The proposition that things perceived cannot reflect directly the material of the external world, but rather depend upon the states of the sense organs and the intermediary nerves, is as old as rational empiricism itself. Locke's contribution to this topic was simply that meaning -- knowledge of the world, functional relations between sensations, nee perception -- is born from an association of "ideas," of which sensation was the primary source. The concept was developed further by George Berkeley (1685-1753) in his "theory of objects," according to which a sensation has meaning -- that is, a reference to an external material source -- only via the context of its relationship to other sensations. This associationism was a principal undercurrent of Scottish and English philosophy for the next two centuries, the concepts refined and the debate further fueled by the writings of James Mill and, most particularly, John Stuart Mill. It was the latter who defined the "laws of association" between elemental sensations, and offered the useful dictum that perception is the belief in the "permanent possibilities of sensation." By so doing, Mill bridged the gulf between the ephemeral quality of sensations and the permanence of objects and our experience of them: it is the link between present sensations and those known to be possible (from past experience) that allows us to perceive the enduring structural and relational qualities of the external world.
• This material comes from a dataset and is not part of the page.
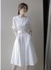 2024 Nuevo Estilo de Verano Dulce Francés Cintura Delgada Primer Amor Blanco Camisa Bosque Vestido Elegante Hada

In the mid-nineteenth century the banner of associationism was passed from philosophy of mind to the emerging German school of experimental psychology, which numbered among its masters Gustav Fechner (1801-1887), Helmholtz, WILHELM WUNDT (1832 - 1920), and the English- American disciple of that tradition Edward Titchener (1867 - 1927). Fechner's principal contribution in this domain was the introduction of a systematic scientific methodology to a topic that had before that been solely the province of philosophers and a target of introspection. Fechner"s Elements of Psychophysics, published in 1860, founded an "exact science of the functional relationship . . . between body and mind," based on the assumption that the relationship between brain and perception could be measured experimentally as the relationship between a stimulus and the sensation it gives rise to. PSYCHOPHYSICS thus provided the new nineteenth- century psychology with tools of a rigorous science and has subsequently become a mainstay of modern cognitive neuroscience. It was during this move toward quantification and systematization that Helmholtz upheld the prevailing associationist view of objects as sensations bound together through experience and memory, and he advanced the concept of unconscious inference to account for the attribution of perceptions to specific environmental causes. Wundt pressed further with the objectification and deconstruction of psychological reality by spelling out the concept -- implicit in the manifestoes of his associationist predecessors -- of elementism. Although Wundt surely believed that the meaning of sensory events lay in the relationship between them, elementism held that any complex association of sensations -- any perception -- was reducible to the sensory elements themselves. Titchener echoed the Wundtian view and elaborated upon the critical role of context in the associative extraction of meaning from sensation.
It was largely in response to this doctrine of elementism, its spreading influence, and its corrupt reductionistic account of perceptual experience that GESTALT PSYCHOLOGY was born in the late nineteenth century. In simplest terms, the Gestalt theorists, led by the venerable trio of Max Wertheimer (1880-1943), Wolfgang Kohler (1887 - 1967), and Kurt Koffka (1886 - 1941), insisted -- and backed up their insistence with innumerable compelling demonstrations -- that our phenomenal experience of objects, which includes an appreciation of their meanings and functions, is not generally reducible to a set of elemental sensations and the relationships between them. Moreover, rather than accepting the received wisdom that perception amounts to an inference about the world drawn from the associations between sensations, the Gestalt theorists held the converse to be true: perception is native experience and efforts to identify the underlying sensory elements are necessarily inferential (Koffka 1935). In spite of other flaws and peculiarities of the broad-ranging Gestalt psychology, this holistic view of perception, its distinction from sensation, and the nature of meaning, has become a central theme of modern cognitive neuroscience.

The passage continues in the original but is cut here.